The place earned the title of Hellfire Pass, for it looked, and was, like a living image of hell itself.

[Jack Chalker, Burma Railway: Images of War, 2007, p 59.]

Hellfire Pass (Konyu Cutting) was the deepest and longest cutting along the entire length of the Burma-Thailand Railway. The site is a formidable combination of solid limestone and quartz rock, described as 'semi-marbleised limestone'. It was not easy to excavate.

The name 'Hellfire Pass' came from the appalling working conditions at and around the site, located about 150 km from the start of the railway at Nong Pladuk.

Over the years, Hellfire Pass came to symbolise the suffering and maltreatment of Australian prisoners of the Japanese across the Asia-Pacific region.

Working on a Thailand Railway Cutting, July 1943, by the official war artist Vaughan Murray Griffin. This has become one of the most famous images of the hellish conditions experienced when constructing the Burma-Thailand railway. Griffin was a POW in Changi, Singapore. He painted this based on accounts by other POWs who worked at Hellfire Pass. AWM ART25081

Speedo period

In mid-1943, the Japanese introduced a 'Speedo' to meet tight deadlines for completing the railway.

During the Speedo period, POWs were forced to work long hours into the night to speed up construction. Oil lamps and bamboo fires lit their worksite. The flickering light, the noise from the drilling of the rock and the shuffling of hundreds of poorly fed prisoners seemed the very image of hell.

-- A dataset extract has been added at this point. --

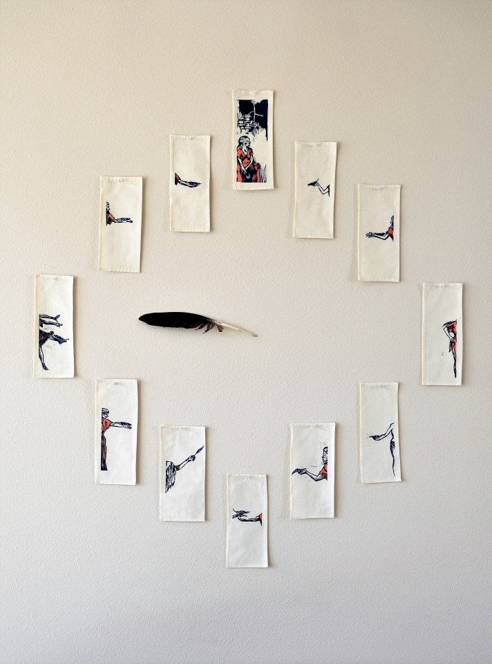 berglund_cardenas-the-hours ← Previous Next → THE HOURS, woodcut prints, cotton, stitches, feather, 2018
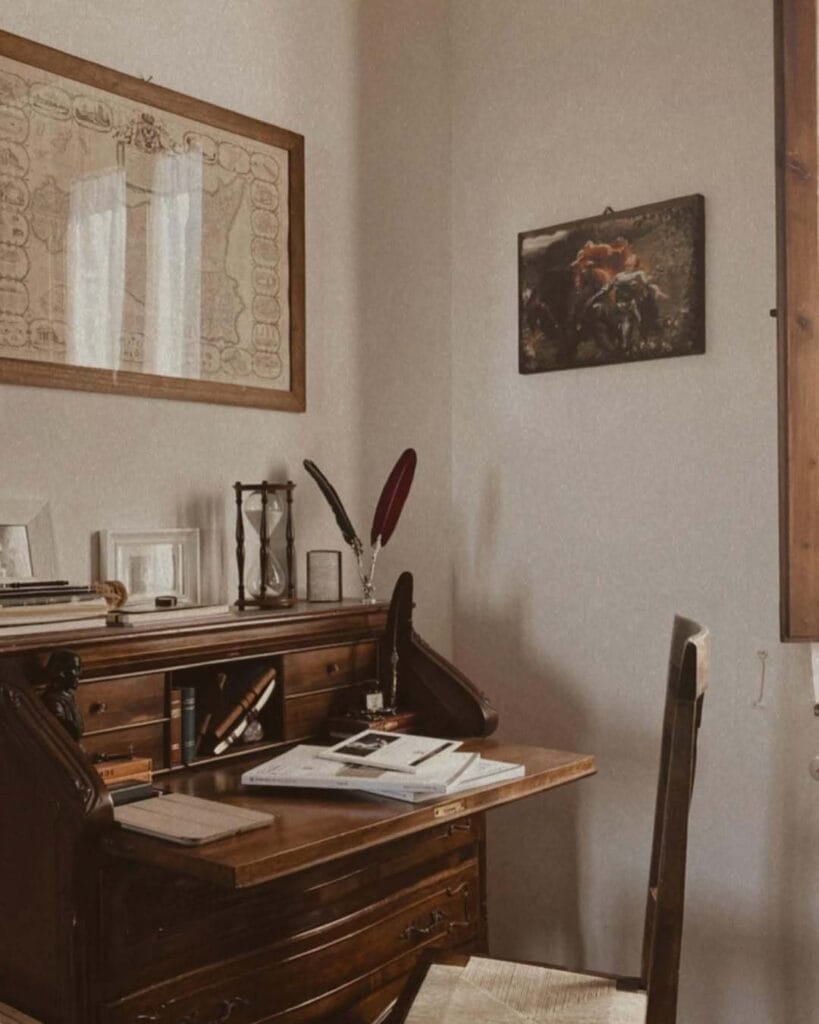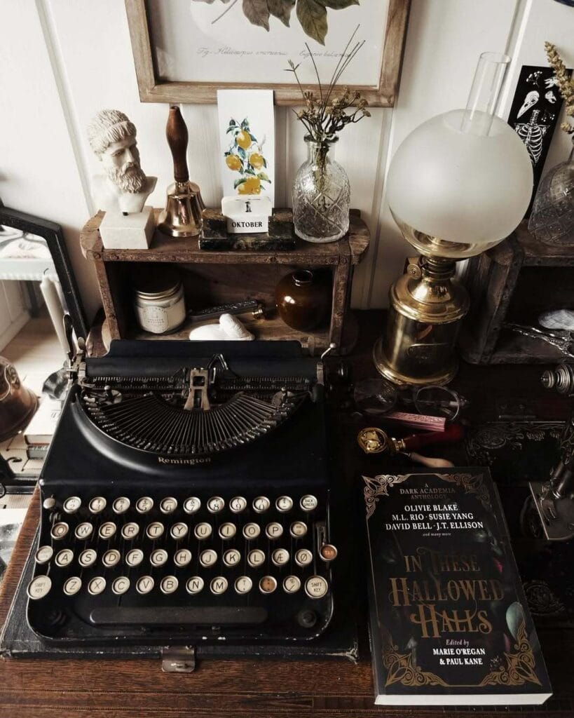 Writing desk: A dedicated desk for writing, studying, or creative work is central to the dark academia vibe. Add a desk lamp, pen holder, and some old books.

Around 1,500 British and 2,000 Tamil workers started work on the Konyu section of the railway from November 1942. Some 400 Australians from the T Battalion of D Force began work in the region of Konyu Cutting in late April 1943.

By June 1943, work had fallen behind schedule, and the Konyu area had become a bottleneck. It held up work further along the railway.

The Japanese brought in an extra 600 POWs, including British and Australians of H Force. Around 1,000 rōmusha also worked in the vicinity of Konyu Cutting.

Hellfire Pass is a dramatic cutting, some 75 m long and 25 m deep. The approach to this cutting has a longer series of excavations, creating a bench on the hillside that follows the contour line. Whether POWs thought this too was 'Hellfire Pass' is unclear, but working conditions here were harsh.

Carving cuttings by hand and removing rubble were back-breaking, exhausting tasks for hungry, ill workers.

A large workforce was needed to excavate Hellfire Pass and to build the bridges and embankments beyond it. The POWs and rōmusha lived in a network of camps below and above the railway line. Even before starting work, they might walk several kilometres up or down steep and treacherous mountain slopes to the site each day.

As the line-laying parties neared Hellfire Pass, Japanese engineers increased the pace of work, leading to the infamous Speedo period from April to August 1943.

During the Speedo period, a POW was expected to drill 2 m to 3 m each day into solid rock, instead of 1 m per day. The workday extended to 15 hours, or sometimes 18. If the pace of work seemed too slow, the Japanese resorted to physical punishment.

Wet season deaths

The wet season rains worsened conditions. It turned worksites and camps into quagmires and made steep hill faces impossibly slippery.

It is difficult to know precisely how many men, Australians and others, died at Hellfire Pass itself. However, the graves in the Kanchanaburi War Cemetery show a concentration of deaths not just at Konyu and Hintok but across the length of the railway from June to August 1943.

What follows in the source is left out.